Oh yes. Sadly, even those who know better succumb to the pet store temptation. One of my dearest girlfriends did the same thing last summer. She was considering a Hav, but was smitten with a Teacup Yorkie in a pet store on a business trip and bought it for $2500. It died before her kids even got to meet it due to Parvo. She flew home with it, took it immediately to her veterinarian and it never left the hospital. It was very sad.


----------



## BeverlyA (Oct 29, 2006)

Oh Jen,
I know how you feel. I have a girlfriend in Ohio who has had friends go threw the heartbreak of buying a sick, EXPENSIVE, puppymill puppy from a pet store, but she still goes into their pet shops and coos over the puppys. I constantly remind her about what pet shops do, but I think it's just a matter of time before she takes one home.

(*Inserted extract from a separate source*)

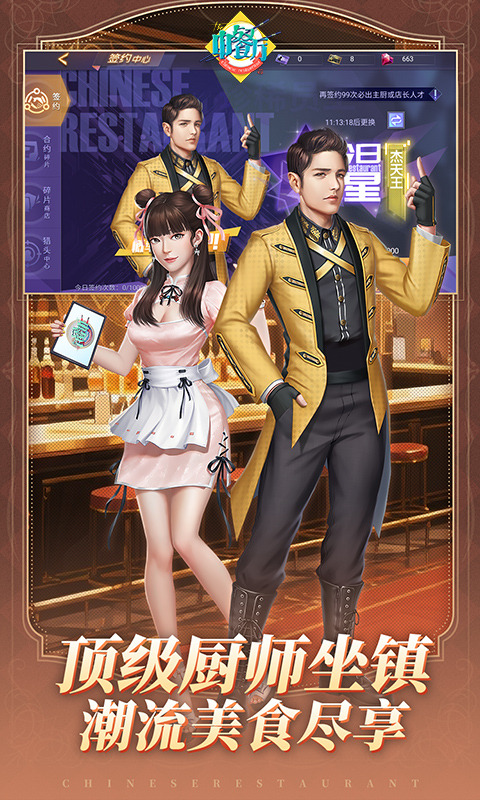 中餐厅是一款根据热门同名综艺打造的餐厅经营游戏,是国内首款主打明星餐饮的模拟经营游戏,游戏具有q版可爱的画风和休闲的玩法模式,配色也是十分舒服的。在游戏中,玩家化身为中餐厅的店长进行餐厅经营,和各位明星合伙人一起收集各式菜谱,因此就需要通过制定极具中华特色的美食菜谱,不断优化经营流程,提升餐饮服务,让每一位前来的顾客感受中华美食。同时还能参加“厨王争霸赛”为您的餐厅赢取至高荣誉,比最终的目标是在餐厅不断经营发展壮大之后,把中餐厅开遍世界各个角落,弘扬中华美食文化,为饥肠辘辘的市民们带来美味可口的饭菜。
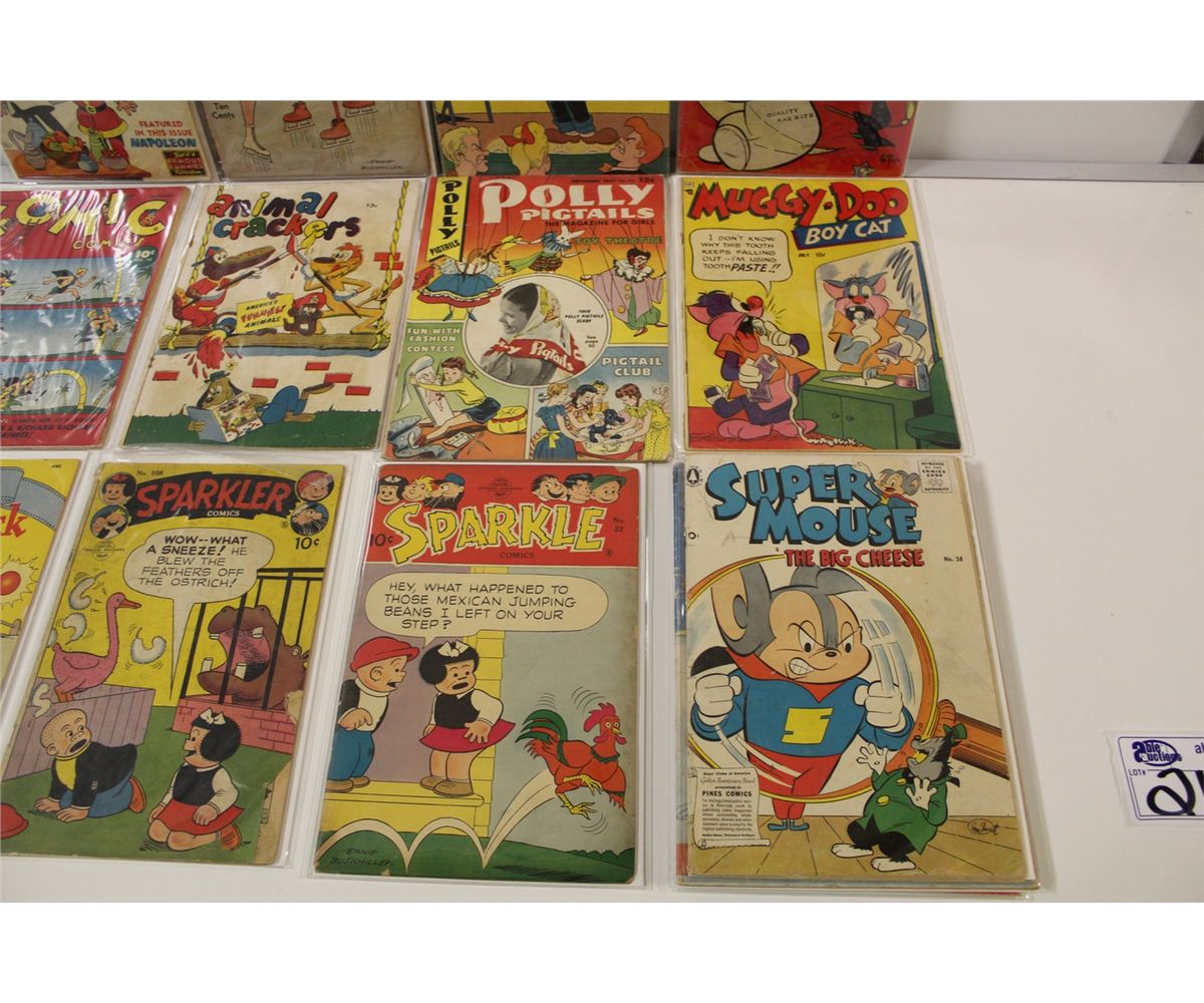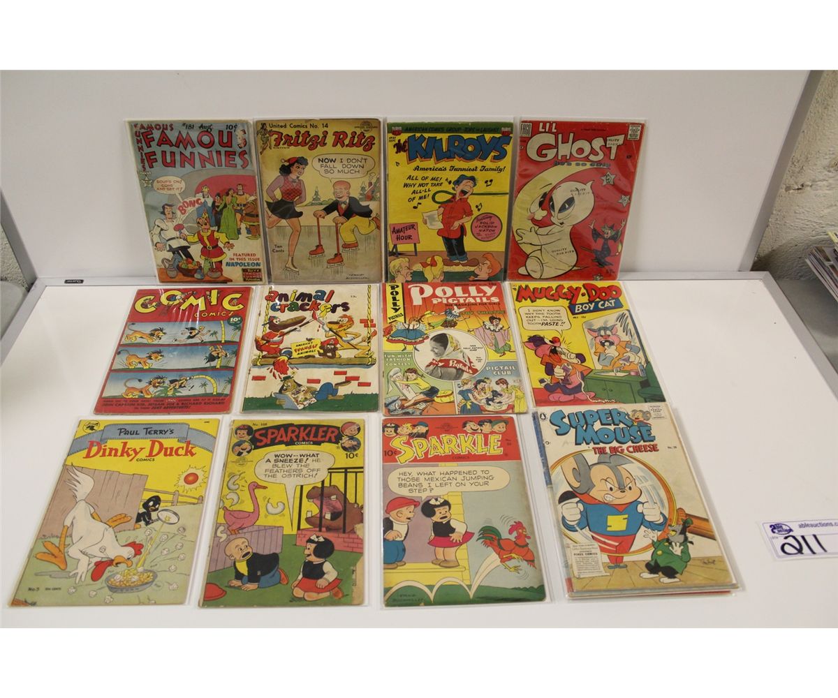 GOLDEN AGE FUNNIES (1940'S-1950'S) 10 CENT COVERS, INCLUDES: FAMOUS FUNNIES #181, MUGGY DOO #1, SUPER MOUSE, DINKY DUCK AND MORE. LOW GRADE AVERAGE

It IS frustrating:frusty: but don't be too hard on yourself. At least you did the right thing and all you can do is encourage others to do the same.

I recently switched vets when I found out the office I have been going to for 30 years is now giving free visits to the puppy's from our cities pet shop.
Our pet shop that sells puppies is named "Pet Doctor", how sad is that?

Beverly


----------



## irnfit (Nov 21, 2006)

Don't feel bad. You did the best you could. I have a cousin who has 7 dogs, and she bought all of them from the same pet shop - Shake A Paw. Every one of them has had some kind of illness, and one of them still has a chronic respiratory condition. You thing she would know better by now. She even had a few that she had to give away due to behavioral problems, then went back to the store and bought another one. :frusty: :frusty: :frusty:


----------



## Thumper (Feb 18, 2007)

That's so sad 

I'm a research addict too and really researched breeds to find a great match for me and my family, I rarely act impulsively, especially with something like adding a dog to your family, I do see it as a huge commitment and, like you, I'm miffed that people would approach something like that impulsively?! But I do think even smart people think with their hearts instead of logic, and sometimes there is a price to pay for that, literally. Hence that saying..no good deed goes unpunished, comes to mind. 

This last year, I've seen two more pet stores go up in my town, we just had ONE for a long, long time...the most recent one, is in the main mall.  i did walk through it and it made me SICK. The dogs looked SOO very sad and sickly. I don't know if we haven't really had a big problem with pet shops opening here because PETA is based here and deters them? Or what. I know when they aren't protesting abroad, they don't sit idle here, they do things around town..but I do hope they shut them down, Even though I disagree with so many things they do.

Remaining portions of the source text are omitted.